Predicting Race and Ethnicity From the Sequence of Characters in a Name (1805.02109v2)

Published 5 May 2018 in stat.AP and stat.ML

Abstract: To answer questions about racial inequality and fairness, we often need a way to infer race and ethnicity from names. One way to infer race and ethnicity from names is by relying on the Census Bureau's list of popular last names. The list, however, suffers from at least three limitations: 1. it only contains last names, 2. it only includes popular last names, and 3. it is updated once every 10 years. To provide better generalization, and higher accuracy when first names are available, we model the relationship between characters in a name and race and ethnicity using various techniques. A model using Long Short-Term Memory works best with out-of-sample accuracy of .85. The best-performing last-name model achieves out-of-sample accuracy of .81. To illustrate the utility of the models, we apply them to campaign finance data to estimate the share of donations made by people of various racial groups, and to news data to estimate the coverage of various races and ethnicities in the news.

References (18)

Citations (175)

View on Semantic Scholar

Summary

The paper introduces novel character-based sequence models, including LSTM and Transformers, which integrate first and last names to enhance race and ethnicity prediction.
The paper employs diverse methodologies such as KNN, random forests, and gradient boosted trees to transform names into normalized representations, overcoming limitations of traditional approaches.
The paper demonstrates practical applications by analyzing political contributions and media coverage, revealing improved prediction accuracy and reduced bias in racial inference.

Predicting Race and Ethnicity from Names: An Analysis of Character-Based Models

Racial inequality and fairness are significant concerns within various societal domains, ranging from healthcare to political contributions and news coverage. A crucial aspect in addressing these issues is the ability to infer race and ethnicity from names. Traditional methods, such as those utilizing the Census Bureau's list of popular last names, present limitations, including a focus on last names only, a bias towards popular names, and infrequent updates. This paper presents advanced methodologies for predicting race and ethnicity from both first and last names, leveraging character-based models to improve prediction accuracy.

The research utilizes diverse datasets, primarily focusing on the Florida Voting Registration data which provides self-reported race information for approximately 15 million voters. The paper also uses Census Popular Last Name data and North Carolina Voter Registration data for modeling purposes. The paper tackles the limitations of previous approaches by demonstrating improved generalization across racial groups and enhancing accuracy, particularly when first names are included.

Methodology

The paper explores multiple models, ranging from simple K-nearest neighbor (KNN) approaches to complex Long Short-Term Memory (LSTM) and Transformer models. Specifically:

KNN models: Utilize edit-distance and cosine distance metrics, helping predict race and ethnicity when dealing with names not covered in popular databases or when spelling errors may be present.
Random Forests & Gradient Boosted Trees: Employ a 'Bag of Characters' representation for names, providing a statistical basis for learning ethno-racial relationships.
LSTM: Introduces a sequence-based prediction mechanism, capturing the character-order dynamics in names.
Transformer models: Enhance sequence-based learning, focusing on positional encoding of characters.

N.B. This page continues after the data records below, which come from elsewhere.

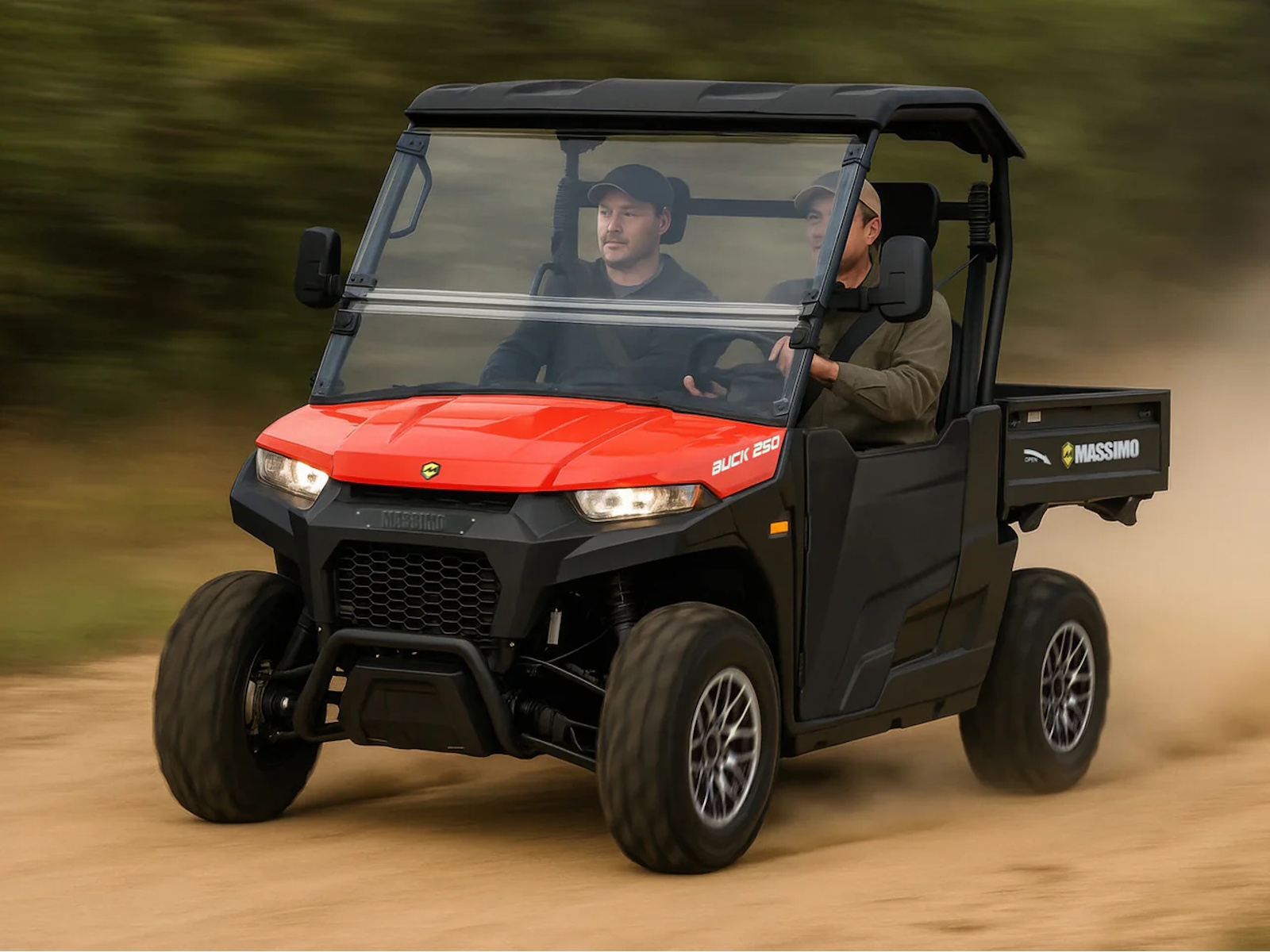 The Massimo Buck 250 is the perfect compact UTV for managing your property and enjoying light-duty adventures. Powered by a reliable and efficient 177cc EFI engine, it provides consistent, easy starting and plenty of pep for daily chores.1 Its agile and compact frame allows it to navigate tight spaces where larger machines can't go. Standard features like a hard top roof, a folding windshield, and a versatile dumping cargo bed that holds over 400 lbs make the Buck 250 an unbeatable value and the ultimate tool for your land.
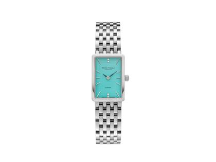 Quarzwerk (Basiswerk Ronda 1062 in veredelter Ausführung), poliertes Edelstahlgehäuse mit den Abmessungen von 30,0 x 20,0 mm, Höhe 6,0 mm, türkisfarbenes Zifferblatt mit Prägung, schwarzer Stunden- und Minutenzeiger, silberfarbene Indizes, je 2 systhetische Diamanten als Stundenindizes auf 6 und 12 Uhr, poliertes mehrgliedriges Edelstahlarmband mit Faltschließe, Saphirglas innen entspiegelt, Edelstahl-Gehäuseboden, 3 bar wasserdicht
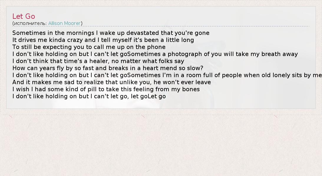 Sometimes in the mornings I wake up devastated that you're gone It drives me kinda crazy and I tell myself it's been a little long To still be expecting you to call me up on the phone I don't like holding on but I can't let goSometimes a photograph of you will take my breath away I don't think that time's a healer, no matter what folks say How can years fly by so fast and breaks in a heart mend so slow? I don't like holding on but I can't let goSometimes I'm in a room full of people when old lonely sits by me And it makes me sad to realize that unlike you, he won't ever leave I wish I had some kind of pill to take this feeling from my bones I don't like holding on but I can't let go, let goLet go
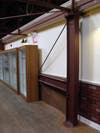 The giant steel arm that turned the trolleys around and repositioned them over the pits in the floor so maintenance workers could get underneath was still functional. The Wilsons had to cut away most of the arm when creating the upstairs retail space, but they left a exposed segment connected to the vertical pole, a permanent reminder of the building’s origins. They also chose to leave the slatted wood ceiling uncovered, deciding it looked just fine after a major power washing.
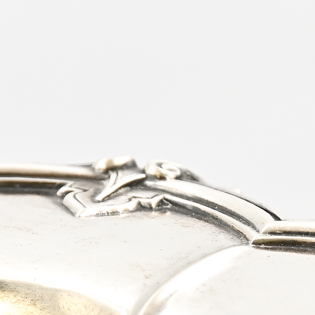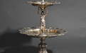 Centrotavola d'argento a due piatti con porta candela in stile Rococò della seconda metà dell'800.
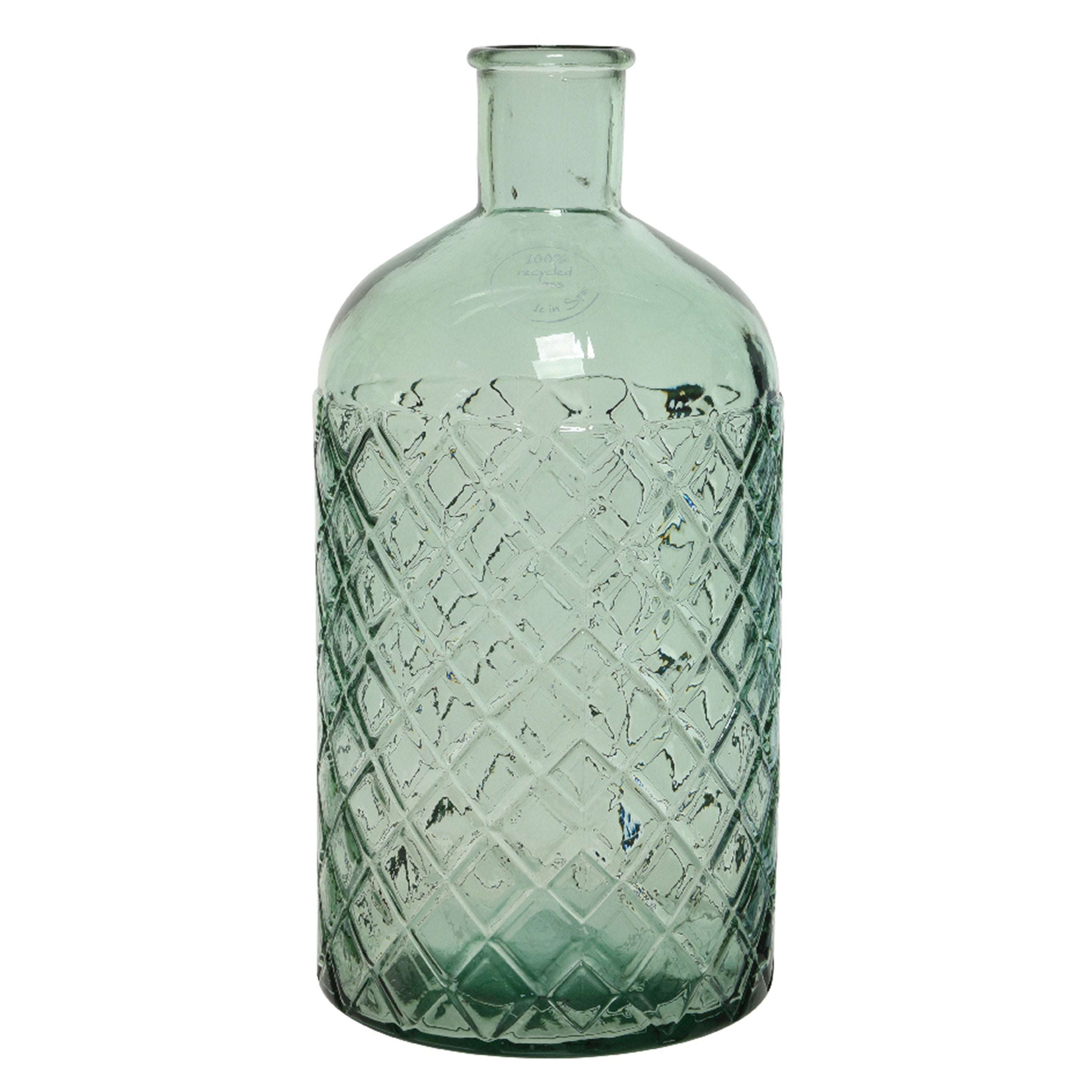 Decoris vaas gemaakt van glas met stijlvol relief. Deze bloemenvaas is geschikt voor o.a. bloemen, kleine boeketten of takken. Diameter: ca. 13,5 cm. Hoogte: ca. 28 cm. Materiaal: 100% gerecycled glas. Afwerking: transparant. Kleur: lichtgroen glas.

The models process names by transforming them to a normalized format and grouping by last or full names, simplifying the complexity in modeling with a focus on modal race prediction.

Results

The results highlight the superiority of LSTM models, achieving an out-of-sample accuracy of 0.85 for full-name models and 0.81 for last-name models. The inclusion of first names boosts predictive value, particularly increasing accuracy in identifying Non-Hispanic Blacks to 74% compared to 21% when only last names were utilized. These models outperform traditional and other machine learning approaches, demonstrating robustness across different racial categories.

Applications

Two practical applications illustrate the model's utility:

Political Contributions: Analysis of a 2014 campaign contribution database reveals that 89.5% of contributions were made by Non-Hispanic Whites, indicating significant racial imbalances in financial political influence.
News Coverage: Evaluation of a dataset comprising news articles from major media outlets shows an overrepresentation of Non-Hispanic Whites, both among authors (78%) and in mentions (73.5%), signaling potential biases in media diversity.

Discussion

The paper provides a comprehensive evaluation of character-based models for race and ethnicity prediction, offering methodological advancements over traditional census-based methods. The LSTM models, alongside the KNN approaches, provide improved accuracy essential for societal applications where name-based racial inference is necessary. While the full list of names is unavailable, these models serve as a robust tool to address bias towards popular names and leverage information embedded within first names.

Further research could explore integrating synthetic data into training models to potentially enhance generalizability. Additionally, the ongoing development of AI presents opportunities for refining natural language processing tools for even greater precision in ethnic and racial prediction from names, contributing to fairer societal frameworks.